Generalizing from simulation

The abundance of RL results with simulated robots can make it seem like RL easily solves most robotics tasks. But common RL algorithms work well only on tasks where small perturbations to your action can provide an incremental change to the reward. Some robotics tasks have simple rewards, like walking, where you can be scored on distance traveled. But most tasks do not⁠—to define a dense reward for block stacking, you’d need to encode that the arm is close to the block, that the arm approaches the block in the correct orientation, that the block is lifted off the ground, the distance of block to the desired position, etc.

We spent a number of months unsuccessfully trying to get conventional RL algorithms working on pick-and-place tasks before ultimately developing a new reinforcement learning algorithm, Hindsight Experience Replay⁠(opens in a new window) (HER), which allows agents to learn from a binary reward by pretending that a failure was what they wanted to do all along and learning from it accordingly. (By analogy, imagine looking for a gas station but ending up at a pizza shop.

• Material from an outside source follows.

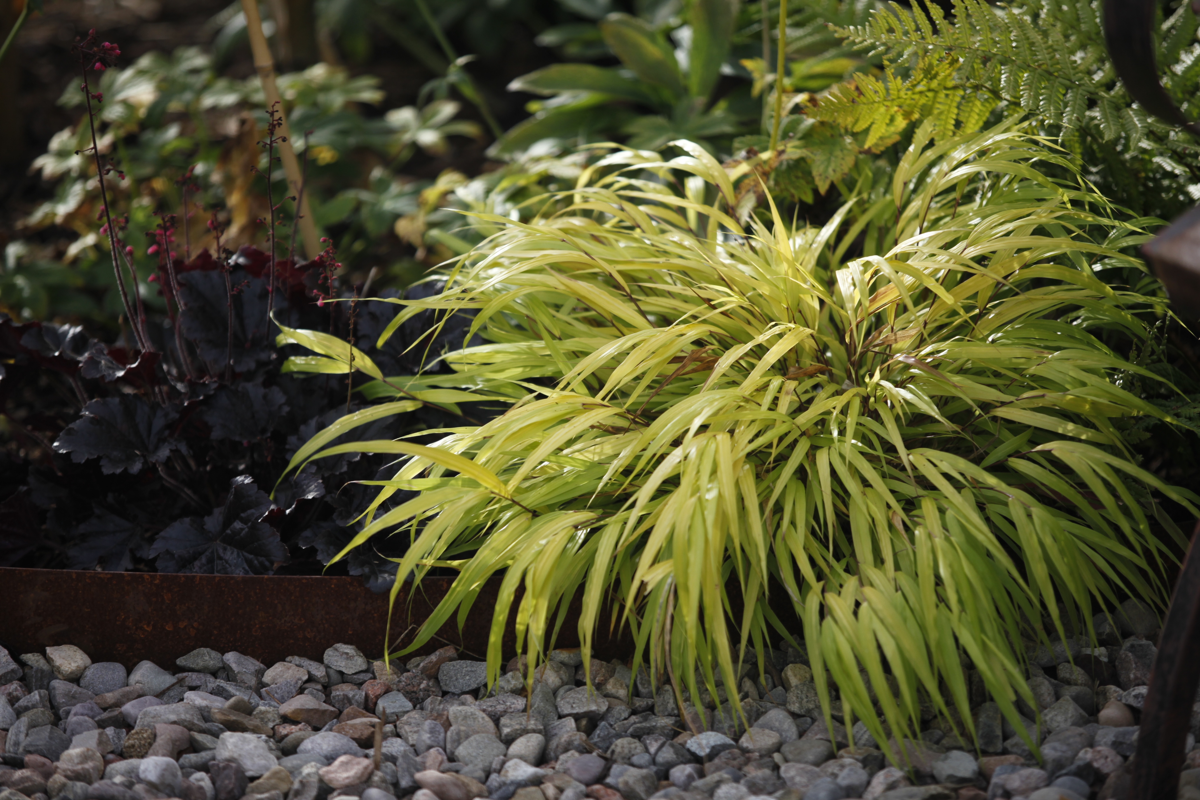 Some mature specimen trees / shrubs add structure and the addition of grasses brings the element of movement and interest.

You still don’t know where to get gas, but you’ve now learned where to get pizza.) We also used domain randomization⁠ on the visual shapes to learn a vision system robust enough for the physical world.

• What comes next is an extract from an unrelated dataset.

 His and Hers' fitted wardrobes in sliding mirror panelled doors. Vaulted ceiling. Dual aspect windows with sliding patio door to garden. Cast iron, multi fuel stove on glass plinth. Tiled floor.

Our HER implementation uses the actor-critic technique with asymmetric information. (The actor is the policy, and the critic is a network which receives action/state pairs and estimates their Q-value, or sum of future rewards, providing training signal to the actor.) While the critic has access to the full state of the simulator, the actor only has access to RGB and depth data. Thus the critic can provide fully accurate feedback, while the actor uses only data present in the real world.